Another issue with medical marijuana is that chronic pain patients who are prescribed opioids are required to sign “treatment agreements,” also called pain contracts. The patients agree not to take drugs not prescribed by their doctors, including marijuana, and they are often subject to random drug screens. If they violate their pain contracts, they risk losing access to opioids completely.

“We hear this concern [from patients]. It’s a little bit of a catch,” Krishnaswami said. “It makes physicians uncomfortable because they don’t know how the two are going to interact and how much the patient could be using marijuana. Some physicians do have a rule in their office that their chronic pain patients may not use marijuana if they’re on opioids.”

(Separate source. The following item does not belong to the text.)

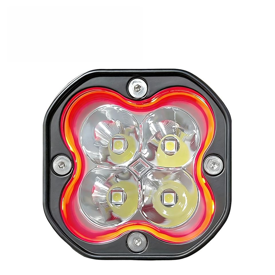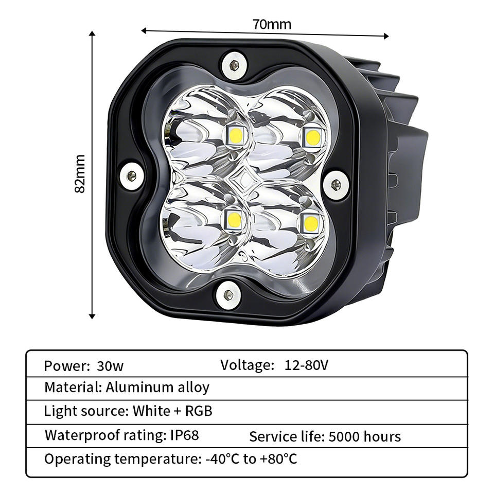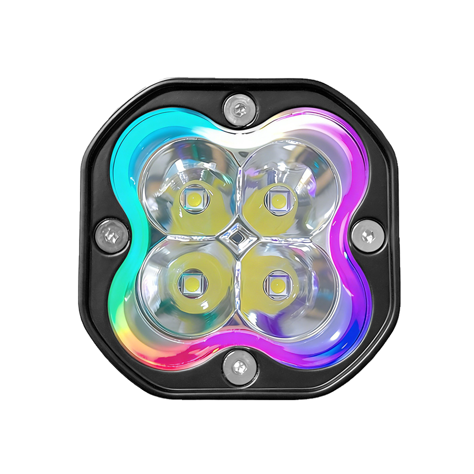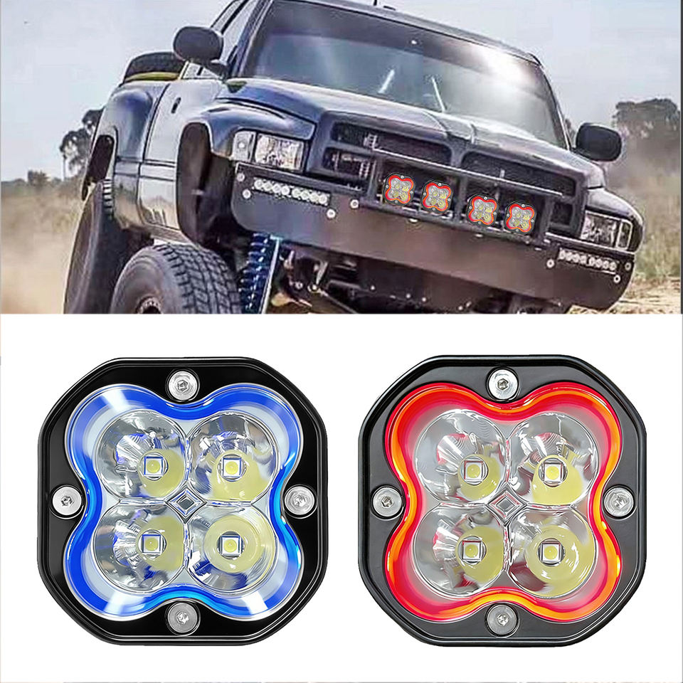 ไฟสปอร์ตไลท์มอเตอร์ไซค์ RGB ทรงสี่เหลี่ยม 3 นิ้ว แบบขายส่ง ไฟ LED กันน้ำ ไฟตัดหมอก ไฟขับขี่ 4 เลนส์ สำหรับรถออฟโรด เหมาะสำหรับรถจี๊ป SUV

Krishnaswami referenced a report on cannabis from the National Academies of Sciences, Engineering and Medicine on marijuana research.

“They don’t directly address the concurrent use of marijuana and opioids, but they do conclude that there are some increased risks to consider when a patient uses marijuana,” she said.

The report found limited increased health risks mostly pertaining to smoking cannabis, and moderate evidence that acute cannabis use impairs learning, memory and attention.

The report also determined there is substantial evidence that cannabis is effective for the treatment of chronic pain.

Begeal says she would love to try cannabis for pain, especially the “breakthrough” pain she now treats with quick-acting Percocet pills.

“From what I’ve read and what I understand I think it would help,” she said.

Begeal recalled an evening in early October when she and her husband went out to dinner and window shopped.

“Just that little bit of walking and I was in extreme agony. By the time we got home I was in so much pain I took Flexeril [a muscle relaxant] Percoset and Ibuprofen, and it still hurt so bad I wanted to cry. If medical marijuana had been a choice, it would have acted faster. I don’t know if it would have worked better – I don’t have that as an option.”

While Begeal says marijuana might help her pain, she would never put her opioids in jeopardy.

“The biggest thing is the fear of the opioids being taken away in a snap. They’re what gave me the ability to go out in the first place,” she said.

Despite issues the new guidelines create for chronic pain patients, state regulators say it’s worth it to save lives from opioid drug overdoses.

“Obviously it’s a very troubling situation [for chronic pain patients] and devastating in their lives. Our mission as a state agency is patient safety, so that frames everything we do,” Krisnaswami said. “The guidelines are to ensure people are not given lethal doses of opioids or create addiction to opioids.”